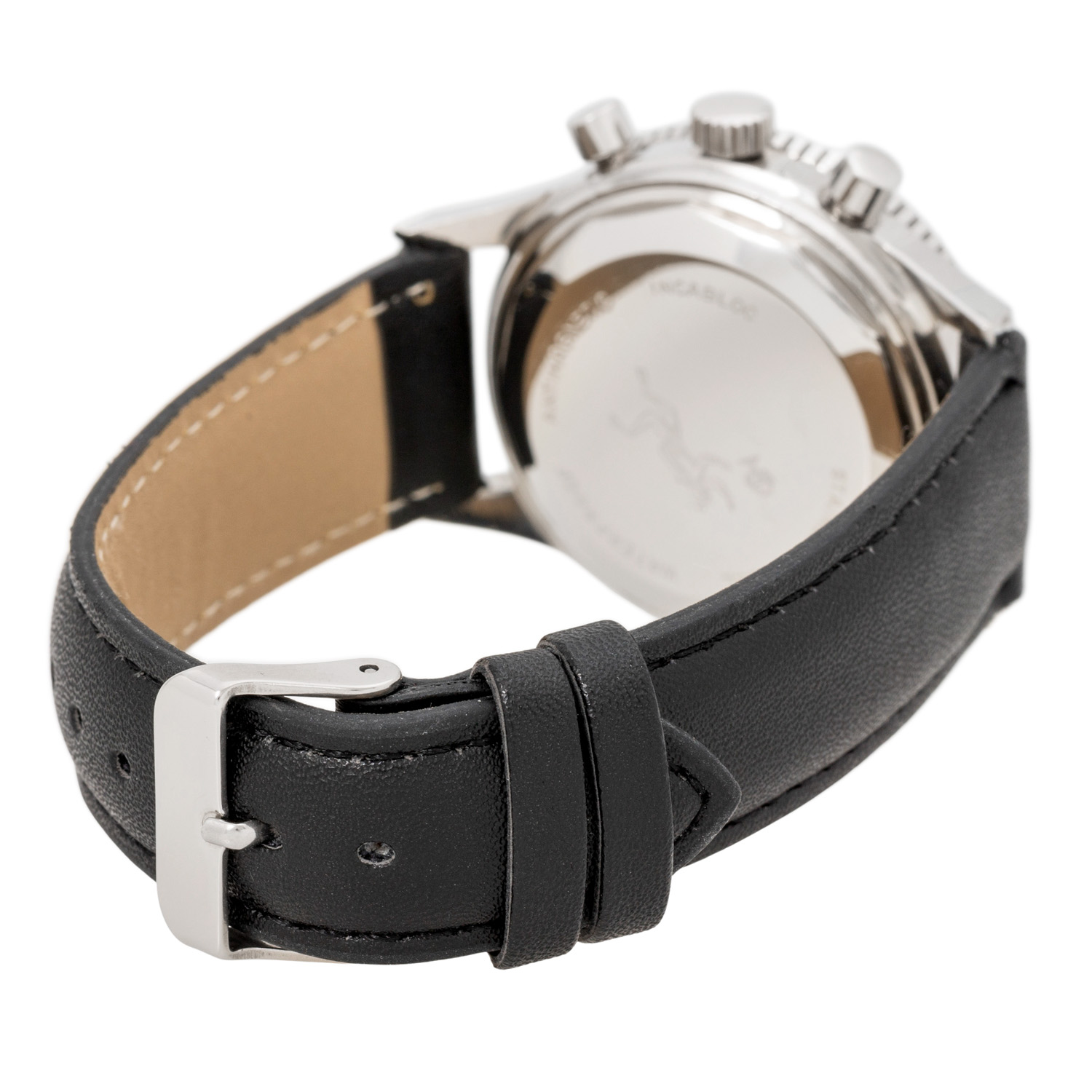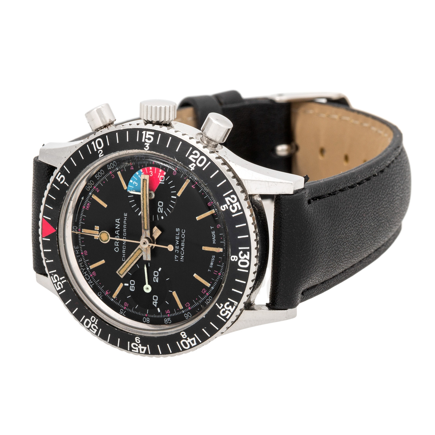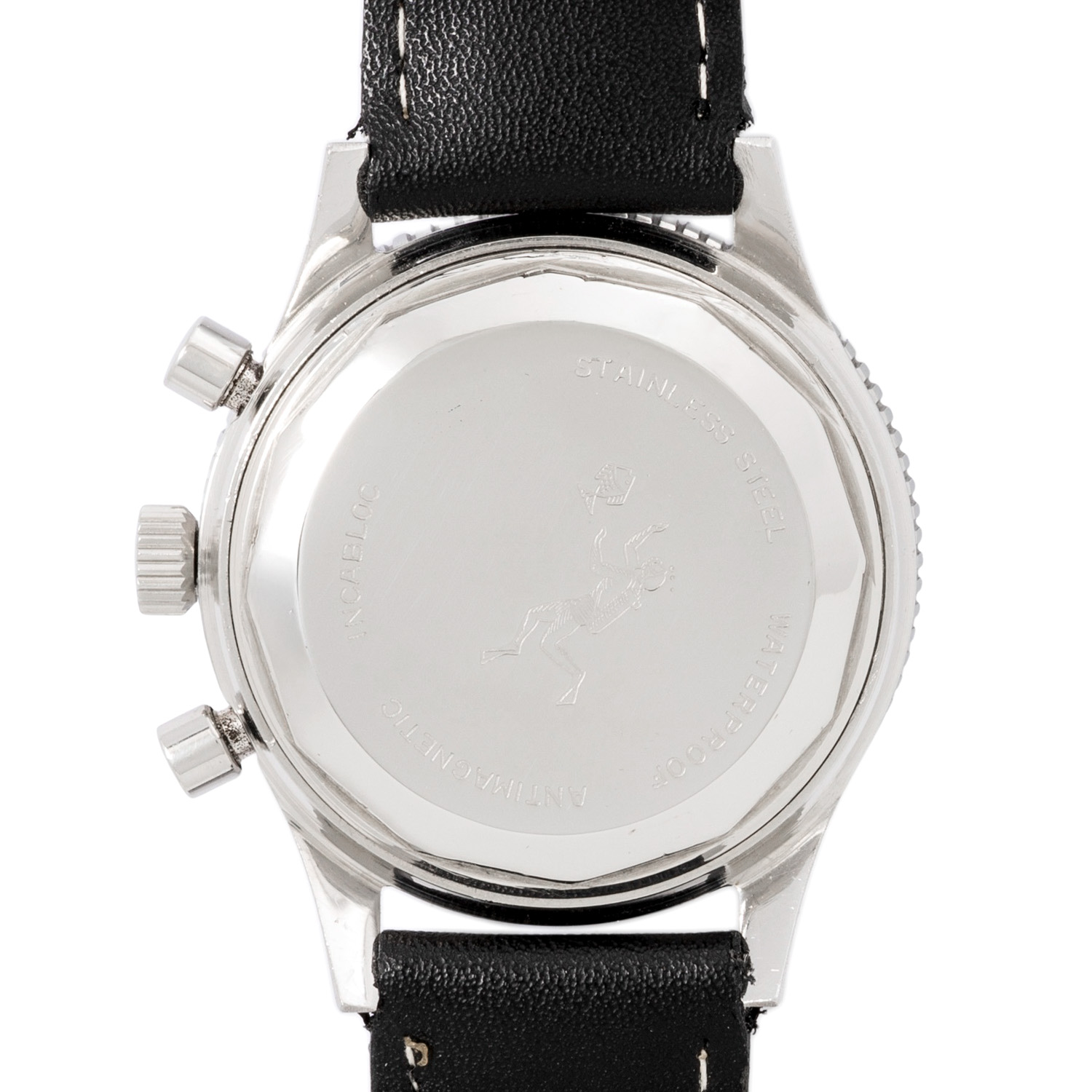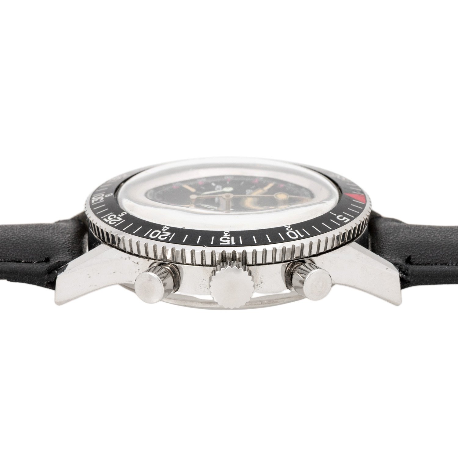 Edelstahl. Handaufzugswerk Landeron 248 mit sehr guten Gangwerten (+4s/d. 324°). Schwarzes Tritium Zifferblatt mit 2 Totalisatoren, kleiner Sekunde und Tachymeter Skala. Beidseitig drehbare Lünette. Neutrales Lederband mit Dornschließe. Guter Vintage Zustand mit sichtbaren Tragespuren am Gehäuse und der Lünette. Durchmesser ca. 38 mm (gemessen ohne Krone).
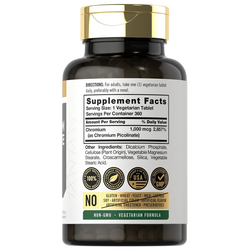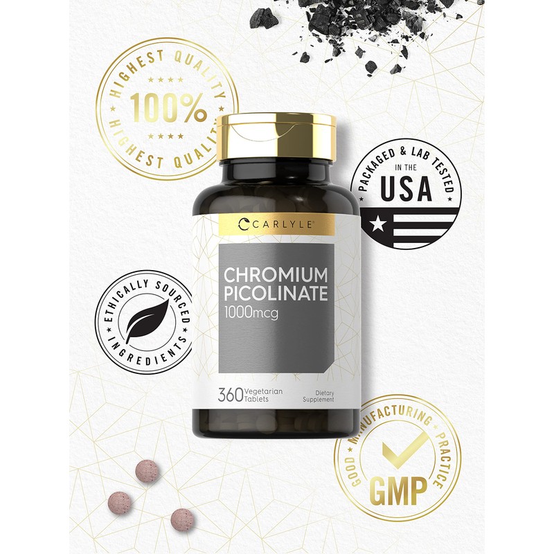 Carlyle Ultra Chromium Picolinate 1000mcg | 360 Tablets | Vegetarian, Non-GMO, Gluten Free
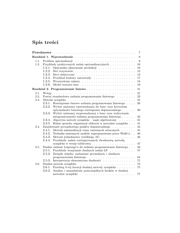 Spis treści Przedmowa . . . . . . . . . . . . . . . . . . . . . . . . . . . . . . . . . . . Rozdział 1. Wprowadzenie . . . . . . . . . . . . . . . 1.1. Problem optymalizacji . . . . . . . . . . . . . . . 1.2. Przykłady praktycznych zadań optymalizacyjnych 1.2.1. Optymalne planowanie produkcji . . . . . 1.2.2. Sieć rezystorów . . . . . . . . . . . . . . . 1.2.3. Sieci elektryczne . . . . . . . . . . . . . . 1.2.4. Przykład budowy autostrady . . . . . . . 1.2.5. Wystrzelenie rakiety . . . . . . . . . . . . 1.2.6. Model wzrostu lasu . . . . . . . . . . . . . . . . . . . . . . . . . . . . . . . . . . . . . . . . . . . . . . . . . . . . . . . . . . . . . . . . . . . . . . . . . . . . . . . . . . . . . 7 . . . . . . . . . . . . . . . . . . . . . . . . . . . 9 9 10 10 12 13 17 18 19 Rozdział 2. Programowanie liniowe . . . . . . . . . . . . . . . . . . . 2.1. Wstęp . . . . . . . . . . . . . . . . . . . . . . . . . . . . . . . . . 2.2. Postać standardowa zadania programowania liniowego . . . . . . 2.3. Metoda sympleks . . . . . . . . . . . . . . . . . . . . . . . . . . . 2.3.1. Rozwiązania bazowe zadania programowania liniowego . . 2.3.2. Wybór zmiennej wprowadzanej do bazy oraz kryterium optymalności bazowego rozwiązania dopuszczalnego . . . . 2.3.3. Wybór zmiennej wyprowadzanej z bazy oraz wykrywanie nieograniczoności zadania programowania liniowego . . . . 2.3.4. Algorytm metody sympleks – zapis algebraiczny . . . . . 2.3.5. Różne sposoby organizacji obliczeń w metodzie sympleks . 2.4. Znajdowanie początkowego punktu dopuszczalnego . . . . . . . . 2.4.1. Metoda minimalizacji sumy zmiennych sztucznych . . . . 2.4.2. Technika zmiennych znaków zaproponowana przez Wolfe’a 2.4.3. Metoda jednofazowa (wielkiego M ) . . . . . . . . . . . . . 2.4.4. Przykłady zadań rozwiązywanych dwufazową metodą sympleks w wersji tablicowej . . . . . . . . . . . . . . . . . 2.5. Dualne zadanie Lagrange’a do zadania programowania liniowego . 2.5.1. Przykłady wzajemnie dualnych zadań LP . . . . . . . . . 2.5.2. Związki między zadaniami prymalnym i dualnym programowania liniowego . . . . . . . . . . . . . . . . . . 2.5.3. Interpretacja ekonomiczna dualności . . . . . . . . . . . . 2.6. Dualna metoda sympleks . . . . . . . . . . . . . . . . . . . . . . . 2.6.1. Przebieg k-tej iteracji dualnej metody sympleks . . . . . . 2.6.2. Analiza i uzasadnienie poszczególnych kroków w dualnej metodzie sympleks . . . . . . . . . . . . . . . . . . . . . . . . . . . . . . . . 21 21 23 25 26 . . 30 . . . . . . . . . . . . . . 32 35 41 44 45 46 46 . . 47 . . 56 . . 57 . . . . . . . . 64 71 73 75 . . 77 4 Spis treści 2.6.3. Przykłady znajdowania rozwiązań za pomocą dualnej metody sympleks . . . . . . . . . . . . . . . . . . . . . . . . Zadanie transportowe . . . . . . . . . . . . . . . . . . . . . . . . . . Programowanie liniowe – algorytmy o wielomianowym nakładzie obliczeń . . . . . . . . . . . . . . . . . . . . . . . . . . . . . . . . . 2.9. Oprogramowanie do rozwiązywania zadań programowania liniowego 2.9.1. Pakiety powszechnie dostępne . . . . . . . . . . . . . . . . . 2.9.2. Pakiety komercyjne i systemy modelowania . . . . . . . . . 2.10. Zadania z programowania liniowego . . . . . . . . . . . . . . . . . . Rozwiązania . . . . . . . . . . . . . . . . . . . . . . . . . . . . . . . 2.7. 2.8. . 79 . 81 . . . . . . 84 87 88 94 100 110 Rozdział 3. Optymalizacja nieliniowa bez ograniczeń . . . . . . . . . 111 3.1. Zastosowania optymalizacji nieliniowej bez ograniczeń . . . . . . . . . 111 3.1.1. Zadania identyfikacji . . . . . . . . . . . . . . . . . . . . . . . 111 3.1.2. Układy równań nieliniowych . . . . . . . . . . . . . . . . . . . 112 3.1.3. Ciągi pomocniczych zadań bez ograniczeń w metodach 3.2. 3.3. 3.4. 3.5. 3.6. 3.7. optymalizacji z ograniczeniami . . . . . . . . . . . . . Pojęcie rozwiązania optymalnego . . . . . . . . . . . . . . . . Zadania optymalizacji wypukłej . . . . . . . . . . . . . . . . . 3.3.1. Zbiór wypukły . . . . . . . . . . . . . . . . . . . . . . 3.3.2. Funkcje wypukłe . . . . . . . . . . . . . . . . . . . . . 3.3.3. Własności zadań optymalizacji wypukłej . . . . . . . . Warunki optymalności dla zadań optymalizacji bez ograniczeń 3.4.1. Warunki konieczne dla funkcji różniczkowalnych . . . . 3.4.2. Warunki dostateczne . . . . . . . . . . . . . . . . . . . 3.4.3. Pojęcie ścisłej dodatniej określoności . . . . . . . . . . 3.4.4. Punkty stacjonarne . . . . . . . . . . . . . . . . . . . . Gradientowe metody kierunków poprawy . . . . . . . . . . . . 3.5.1. Kierunki poprawy . . . . . . . . . . . . . . . . . . . . 3.5.2. Metoda najszybszego spadku . . . . . . . . . . . . . . 3.5.3. Metoda Newtona . . . . . . . . . . . . . . . . . . . . . 3.5.4. Metody newtonowskie z aproksymacją różnicową . . . 3.5.5. Metody quasi-newtonowskie . . . . . . . . . . . . . . . 3.5.6. Metody kierunków sprzężonych . . . . . . . . . . . . . 3.5.7. Analiza zbieżności . . . . . . . . . . . . . . . . . . . . 3.5.8. Testy zatrzymania algorytmu . . . . . . . . . . . . . . 3.5.9. Modele kwadratowe . . . . . . . . . . . . . . . . . . . 3.5.10. Lokalna szybkość zbieżności . . . . . . . . . . . . . . . Minimalizacja w kierunku . . . . . . . . . . . . . . . . . . . . 3.6.1. Metody korzystające z pochodnych . . . . . . . . . . . 3.6.2. Algorytm kolejnych redukcji kroku . . . . . . . . . . . 3.6.3. Algorytm kwadratowych interpolacji i ekstrapolacji . . 3.6.4. Bezgradientowe metody minimalizacji w kierunku . . . Metoda sympleksu Neldera-Meada jako przykład metody poszukiwań prostych . . . . . . . . . . . . . . . . . . . . . . . . . . . . . . . . . . . . . . . . . . . . . . . . . . . . . . . . . . . . . . . . . . . . . . . . . . . . . . . . . . . . . . . . . . . . . . . . . . . . . . . . . . . . . . . . . . . . . . . . . . . . . . . . . . . 113 113 115 115 115 118 119 120 121 123 124 129 129 132 133 137 138 142 147 148 149 149 152 152 153 153 155 . . . . 160 5 S
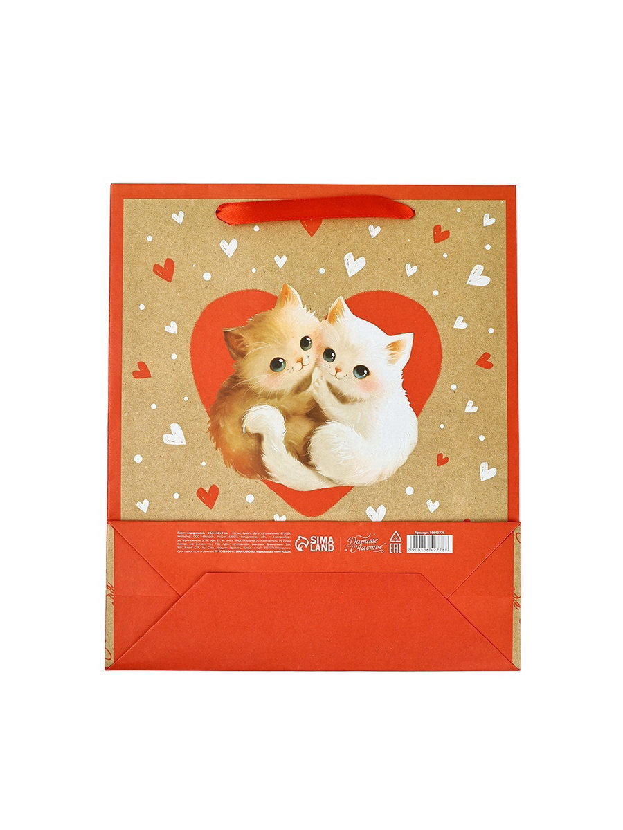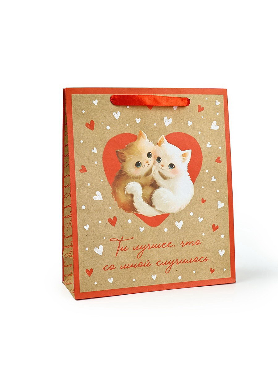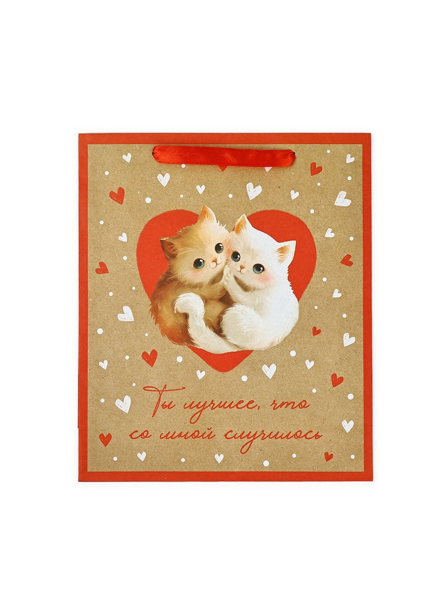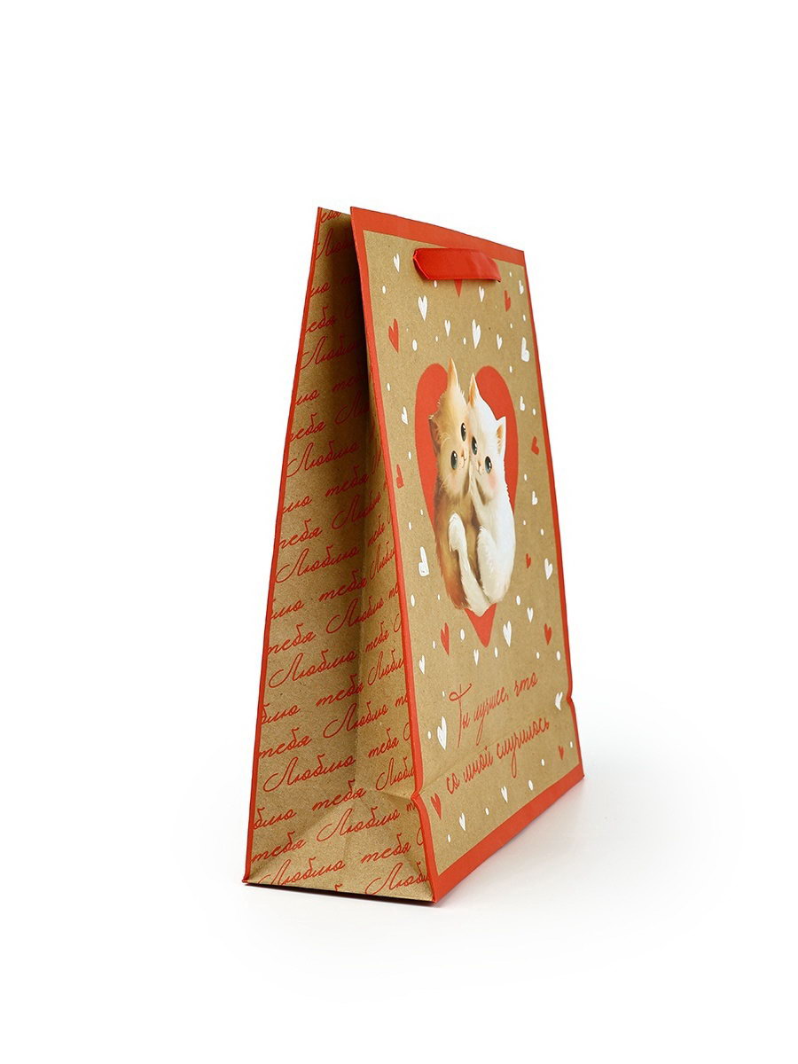 Пакет подарочный крафтовый "Люблю тебя", M 25.5 x 9 x 30 см, 9x25.5x30 см., Дарите Счастье, Китай

-=-=-=-=-

TASK REQUIREMENTS
Your answer should set down the listing verbatim and leave out its images.

ANSWER TO THE PROBLEM
 Edelstahl. Handaufzugswerk Landeron 248 mit sehr guten Gangwerten (+4s/d. 324°). Schwarzes Tritium Zifferblatt mit 2 Totalisatoren, kleiner Sekunde und Tachymeter Skala. Beidseitig drehbare Lünette. Neutrales Lederband mit Dornschließe. Guter Vintage Zustand mit sichtbaren Tragespuren am Gehäuse und der Lünette. Durchmesser ca. 38 mm (gemessen ohne Krone).
 Carlyle Ultra Chromium Picolinate 1000mcg | 360 Tablets | Vegetarian, Non-GMO, Gluten Free
 Spis treści Przedmowa . . . . . . . . . . . . . . . . . . . . . . . . . . . . . . . . . . . Rozdział 1. Wprowadzenie . . . . . . . . . . . . . . . 1.1. Problem optymalizacji . . . . . . . . . . . . . . . 1.2. Przykłady praktycznych zadań optymalizacyjnych 1.2.1. Optymalne planowanie produkcji . . . . . 1.2.2. Sieć rezystorów . . . . . . . . . . . . . . . 1.2.3. Sieci elektryczne . . . . . . . . . . . . . . 1.2.4. Przykład budowy autostrady . . . . . . . 1.2.5. Wystrzelenie rakiety . . . . . . . . . . . . 1.2.6. Model wzrostu lasu . . . . . . . . . . . . . . . . . . . . . . . . . . . . . . . . . . . . . . . . . . . . . . . . . . . . . . . . . . . . . . . . . . . . . . . . . . . . . . . . . . . . . 7 . . . . . . . . . . . . . . . . . . . . . . . . . . . 9 9 10 10 12 13 17 18 19 Rozdział 2. Programowanie liniowe . . . . . . . . . . . . . . . . . . . 2.1. Wstęp . . . . . . . . . . . . . . . . . . . . . . . . . . . . . . . . . 2.2. Postać standardowa zadania programowania liniowego . . . . . . 2.3. Metoda sympleks . . . . . . . . . . . . . . . . . . . . . . . . . . . 2.3.1. Rozwiązania bazowe zadania programowania liniowego . . 2.3.2. Wybór zmiennej wprowadzanej do bazy oraz kryterium optymalności bazowego rozwiązania dopuszczalnego . . . . 2.3.3. Wybór zmiennej wyprowadzanej z bazy oraz wykrywanie nieograniczoności zadania programowania liniowego . . . . 2.3.4. Algorytm metody sympleks – zapis algebraiczny . . . . . 2.3.5. Różne sposoby organizacji obliczeń w metodzie sympleks . 2.4. Znajdowanie początkowego punktu dopuszczalnego . . . . . . . . 2.4.1. Metoda minimalizacji sumy zmiennych sztucznych . . . . 2.4.2. Technika zmiennych znaków zaproponowana przez Wolfe’a 2.4.3. Metoda jednofazowa (wielkiego M ) . . . . . . . . . . . . . 2.4.4. Przykłady zadań rozwiązywanych dwufazową metodą sympleks w wersji tablicowej . . . . . . . . . . . . . . . . . 2.5. Dualne zadanie Lagrange’a do zadania programowania liniowego . 2.5.1. Przykłady wzajemnie dualnych zadań LP . . . . . . . . . 2.5.2. Związki między zadaniami prymalnym i dualnym programowania liniowego . . . . . . . . . . . . . . . . . . 2.5.3. Interpretacja ekonomiczna dualności . . . . . . . . . . . . 2.6. Dualna metoda sympleks . . . . . . . . . . . . . . . . . . . . . . . 2.6.1. Przebieg k-tej iteracji dualnej metody sympleks . . . . . . 2.6.2. Analiza i uzasadnienie poszczególnych kroków w dualnej metodzie sympleks . . . . . . . . . . . . . . . . . . . . . . . . . . . . . . . . 21 21 23 25 26 . . 30 . . . . . . . . . . . . . . 32 35 41 44 45 46 46 . . 47 . . 56 . . 57 . . . . . . . . 64 71 73 75 . . 77 4 Spis treści 2.6.3. Przykłady znajdowania rozwiązań za pomocą dualnej metody sympleks . . . . . . . . . . . . . . . . . . . . . . . . Zadanie transportowe . . . . . . . . . . . . . . . . . . . . . . . . . . Programowanie liniowe – algorytmy o wielomianowym nakładzie obliczeń . . . . . . . . . . . . . . . . . . . . . . . . . . . . . . . . . 2.9. Oprogramowanie do rozwiązywania zadań programowania liniowego 2.9.1. Pakiety powszechnie dostępne . . . . . . . . . . . . . . . . . 2.9.2. Pakiety komercyjne i systemy modelowania . . . . . . . . . 2.10. Zadania z programowania liniowego . . . . . . . . . . . . . . . . . . Rozwiązania . . . . . . . . . . . . . . . . . . . . . . . . . . . . . . . 2.7. 2.8. . 79 . 81 . . . . . . 84 87 88 94 100 110 Rozdział 3. Optymalizacja nieliniowa bez ograniczeń . . . . . . . . . 111 3.1. Zastosowania optymalizacji nieliniowej bez ograniczeń . . . . . . . . . 111 3.1.1. Zadania identyfikacji . . . . . . . . . . . . . . . . . . . . . . . 111 3.1.2. Układy równań nieliniowych . . . . . . . . . . . . . . . . . . . 112 3.1.3. Ciągi pomocniczych zadań bez ograniczeń w metodach 3.2. 3.3. 3.4. 3.5. 3.6. 3.7. optymalizacji z ograniczeniami . . . . . . . . . . . . . Pojęcie rozwiązania optymalnego . . . . . . . . . . . . . . . . Zadania optymalizacji wypukłej . . . . . . . . . . . . . . . . . 3.3.1. Zbiór wypukły . . . . . . . . . . . . . . . . . . . . . . 3.3.2. Funkcje wypukłe . . . . . . . . . . . . . . . . . . . . . 3.3.3. Własności zadań optymalizacji wypukłej . . . . . . . . Warunki optymalności dla zadań optymalizacji bez ograniczeń 3.4.1. Warunki konieczne dla funkcji różniczkowalnych . . . . 3.4.2. Warunki dostateczne . . . . . . . . . . . . . . . . . . . 3.4.3. Pojęcie ścisłej dodatniej określoności . . . . . . . . . . 3.4.4. Punkty stacjonarne . . . . . . . . . . . . . . . . . . . . Gradientowe metody kierunków poprawy . . . . . . . . . . . . 3.5.1. Kierunki poprawy . . . . . . . . . . . . . . . . . . . . 3.5.2. Metoda najszybszego spadku . . . . . . . . . . . . . . 3.5.3. Metoda Newtona . . . . . . . . . . . . . . . . . . . . . 3.5.4. Metody newtonowskie z aproksymacją różnicową . . . 3.5.5. Metody quasi-newtonowskie . . . . . . . . . . . . . . . 3.5.6. Metody kierunków sprzężonych . . . . . . . . . . . . . 3.5.7. Analiza zbieżności . . . . . . . . . . . . . . . . . . . . 3.5.8. Testy zatrzymania algorytmu . . . . . . . . . . . . . . 3.5.9. Modele kwadratowe . . . . . . . . . . . . . . . . . . . 3.5.10. Lokalna szybkość zbieżności . . . . . . . . . . . . . . . Minimalizacja w kierunku . . . . . . . . . . . . . . . . . . . . 3.6.1. Metody korzystające z pochodnych . . . . . . . . . . . 3.6.2. Algorytm kolejnych redukcji kroku . . . . . . . . . . . 3.6.3. Algorytm kwadratowych interpolacji i ekstrapolacji . . 3.6.4. Bezgradientowe metody minimalizacji w kierunku . . . Metoda sympleksu Neldera-Meada jako przykład metody poszukiwań prostych . . . . . . . . . . . . . . . . . . . . . . . . . . . . . . . . . . . . . . . . . . . . . . . . . . . . . . . . . . . . . . . . . . . . . . . . . . . . . . . . . . . . . . . . . . . . . . . . . . . . . . . . . . . . . . . . . . . . . . . . . . . . . . . . . . . 113 113 115 115 115 118 119 120 121 123 124 129 129 132 133 137 138 142 147 148 149 149 152 152 153 153 155 . . . . 160 5 S
 Пакет подарочный крафтовый "Люблю тебя", M 25.5 x 9 x 30 см, 9x25.5x30 см., Дарите Счастье, Китай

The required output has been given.